__INSTRUCTIONS FOR THE TASK__
Pictures do not belong in the copy; print every entry exactly as it stands.
---------- DATA SUPPLIED
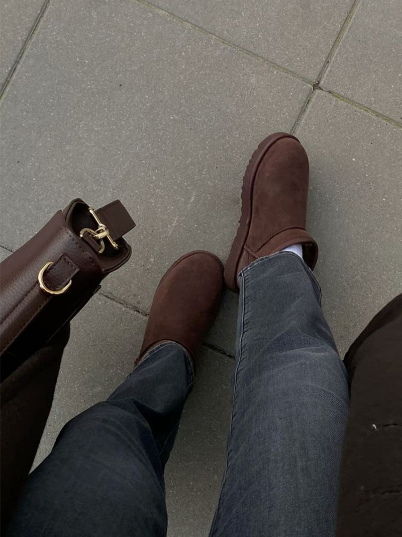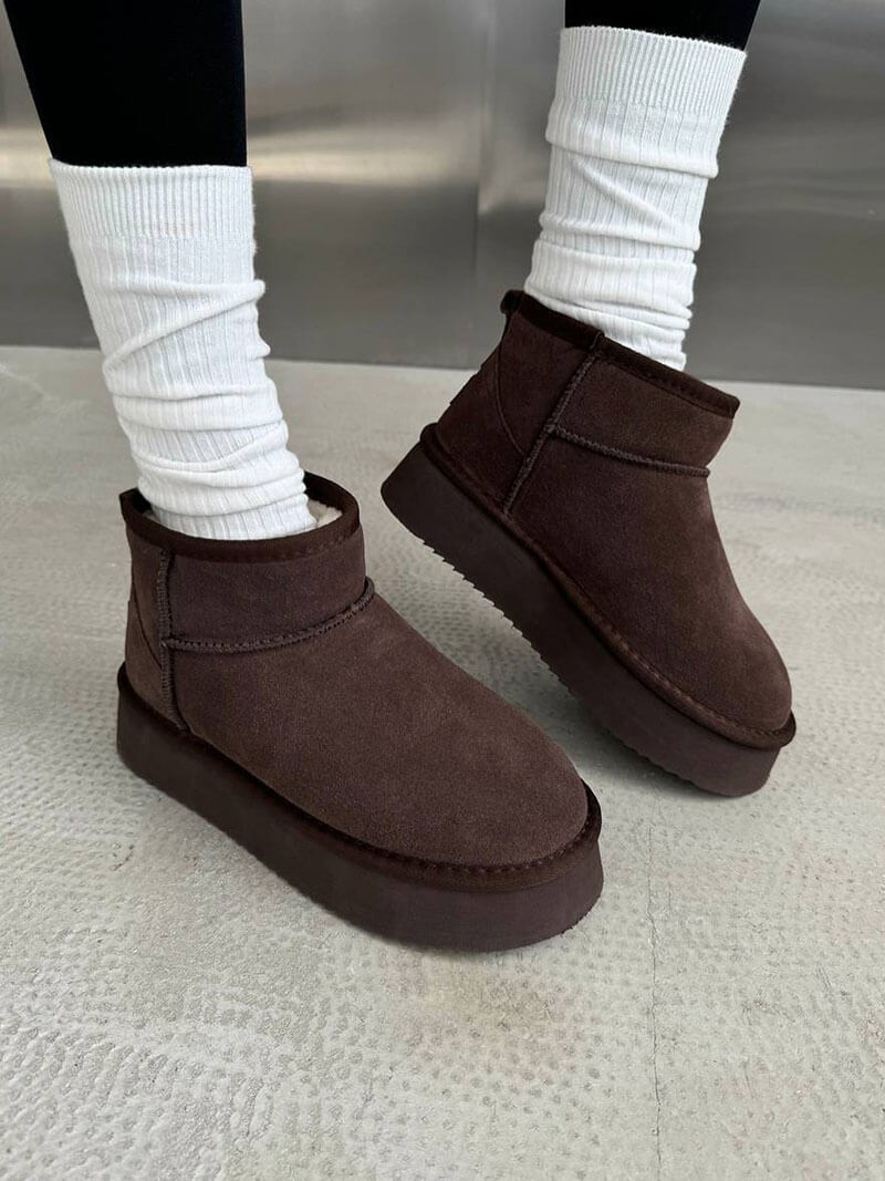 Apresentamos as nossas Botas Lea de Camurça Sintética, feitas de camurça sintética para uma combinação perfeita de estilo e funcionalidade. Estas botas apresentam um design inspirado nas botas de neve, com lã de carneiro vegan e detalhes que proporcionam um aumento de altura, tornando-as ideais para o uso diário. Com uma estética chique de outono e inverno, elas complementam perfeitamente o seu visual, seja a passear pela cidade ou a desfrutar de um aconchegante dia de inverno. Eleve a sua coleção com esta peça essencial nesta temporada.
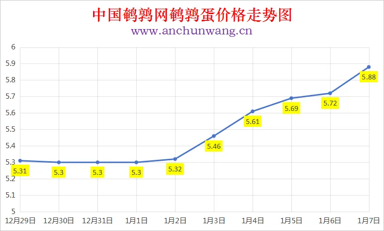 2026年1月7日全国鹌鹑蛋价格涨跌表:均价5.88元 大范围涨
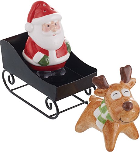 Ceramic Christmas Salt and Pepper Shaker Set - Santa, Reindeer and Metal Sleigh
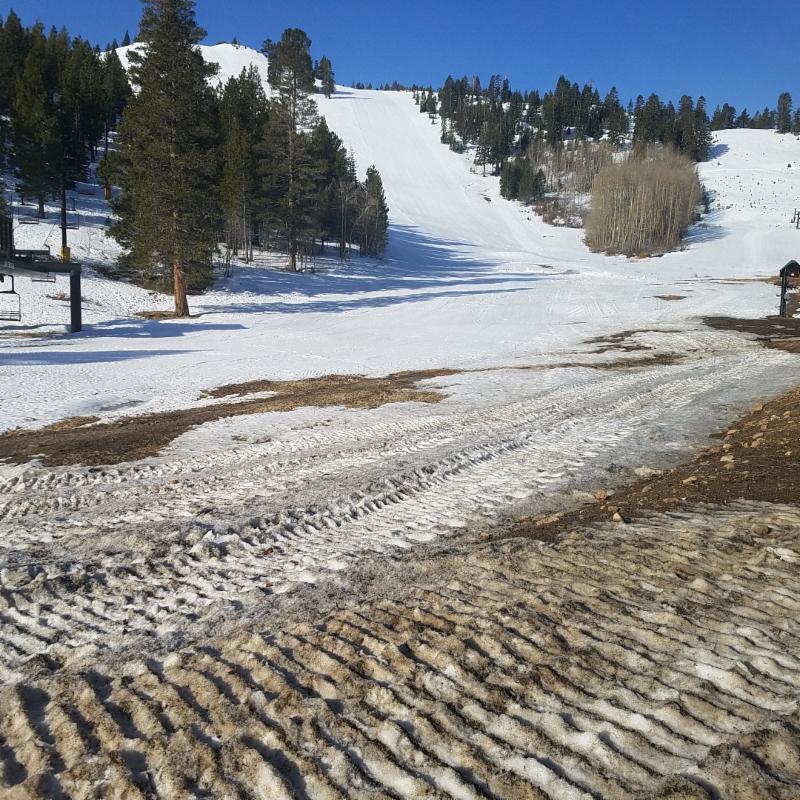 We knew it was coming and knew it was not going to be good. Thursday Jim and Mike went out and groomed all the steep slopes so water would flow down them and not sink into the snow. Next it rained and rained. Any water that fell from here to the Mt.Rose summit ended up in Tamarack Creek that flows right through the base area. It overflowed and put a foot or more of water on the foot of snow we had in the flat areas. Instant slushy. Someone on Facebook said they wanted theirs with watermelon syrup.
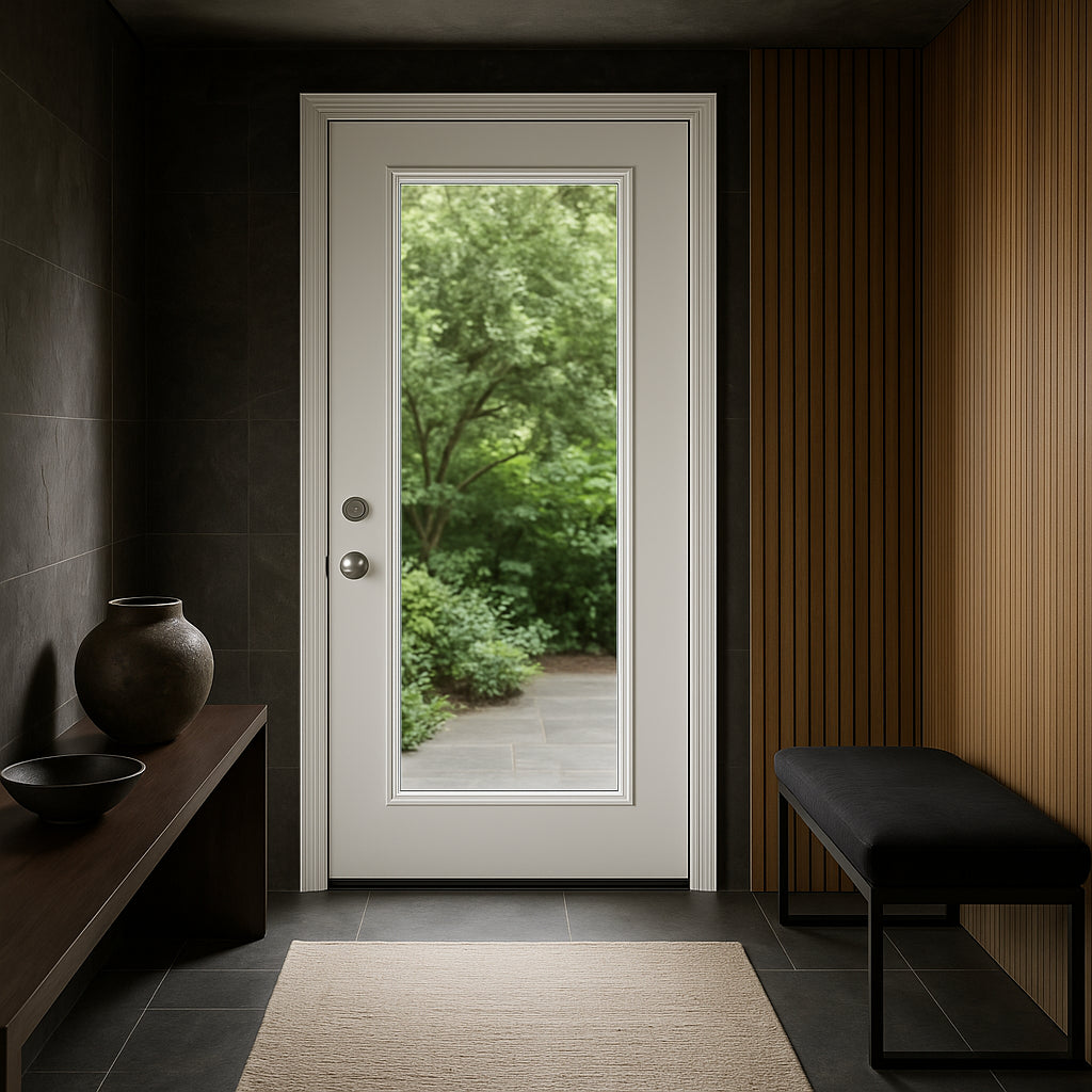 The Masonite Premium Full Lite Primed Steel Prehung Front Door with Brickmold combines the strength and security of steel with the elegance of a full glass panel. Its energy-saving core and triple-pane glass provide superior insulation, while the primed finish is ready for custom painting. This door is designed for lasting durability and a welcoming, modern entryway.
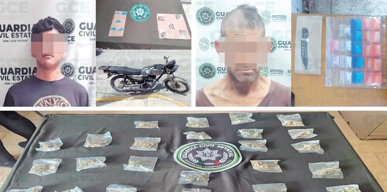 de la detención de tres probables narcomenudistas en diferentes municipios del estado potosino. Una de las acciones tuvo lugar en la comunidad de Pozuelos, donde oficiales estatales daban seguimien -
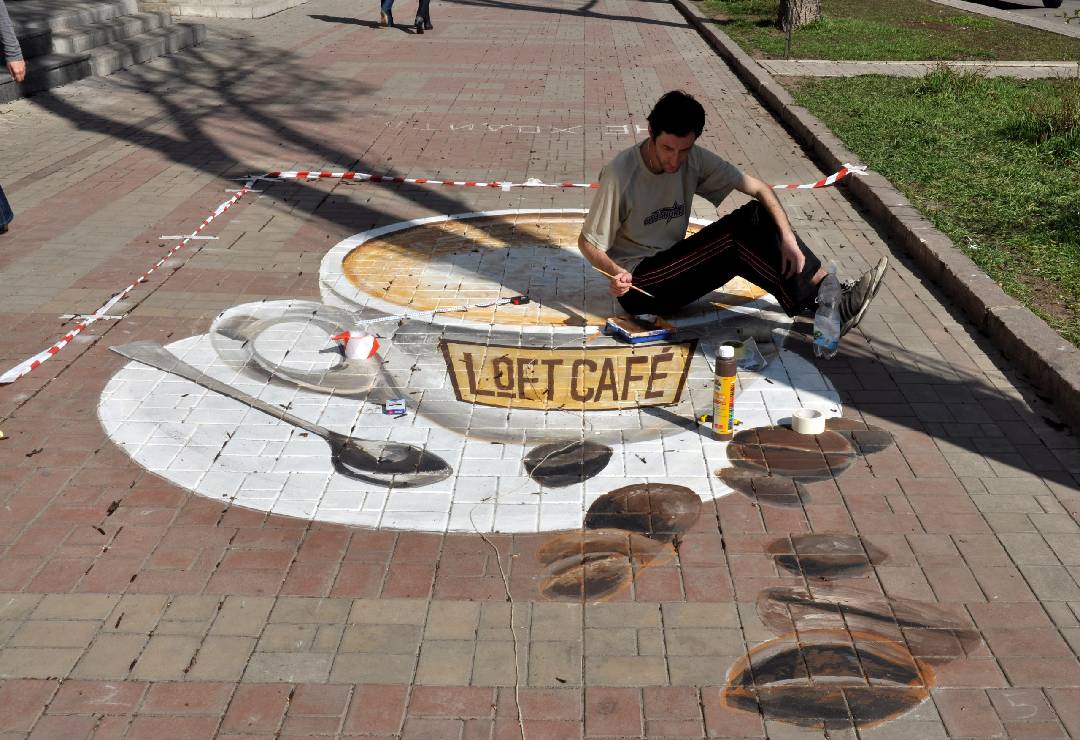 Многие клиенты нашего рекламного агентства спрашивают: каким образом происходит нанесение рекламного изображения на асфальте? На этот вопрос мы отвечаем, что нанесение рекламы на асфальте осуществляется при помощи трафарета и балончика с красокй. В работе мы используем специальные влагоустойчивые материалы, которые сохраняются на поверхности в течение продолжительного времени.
--------------------
__ANSWER FOR THIS EXERCISE__
 Apresentamos as nossas Botas Lea de Camurça Sintética, feitas de camurça sintética para uma combinação perfeita de estilo e funcionalidade. Estas botas apresentam um design inspirado nas botas de neve, com lã de carneiro vegan e detalhes que proporcionam um aumento de altura, tornando-as ideais para o uso diário. Com uma estética chique de outono e inverno, elas complementam perfeitamente o seu visual, seja a passear pela cidade ou a desfrutar de um aconchegante dia de inverno. Eleve a sua coleção com esta peça essencial nesta temporada.
 2026年1月7日全国鹌鹑蛋价格涨跌表:均价5.88元 大范围涨
 Ceramic Christmas Salt and Pepper Shaker Set - Santa, Reindeer and Metal Sleigh
 We knew it was coming and knew it was not going to be good. Thursday Jim and Mike went out and groomed all the steep slopes so water would flow down them and not sink into the snow. Next it rained and rained. Any water that fell from here to the Mt.Rose summit ended up in Tamarack Creek that flows right through the base area. It overflowed and put a foot or more of water on the foot of snow we had in the flat areas. Instant slushy. Someone on Facebook said they wanted theirs with watermelon syrup.
 The Masonite Premium Full Lite Primed Steel Prehung Front Door with Brickmold combines the strength and security of steel with the elegance of a full glass panel. Its energy-saving core and triple-pane glass provide superior insulation, while the primed finish is ready for custom painting. This door is designed for lasting durability and a welcoming, modern entryway.
 de la detención de tres probables narcomenudistas en diferentes municipios del estado potosino. Una de las acciones tuvo lugar en la comunidad de Pozuelos, donde oficiales estatales daban seguimien -
 Многие клиенты нашего рекламного агентства спрашивают: каким образом происходит нанесение рекламного изображения на асфальте? На этот вопрос мы отвечаем, что нанесение рекламы на асфальте осуществляется при помощи трафарета и балончика с красокй. В работе мы используем специальные влагоустойчивые материалы, которые сохраняются на поверхности в течение продолжительного времени.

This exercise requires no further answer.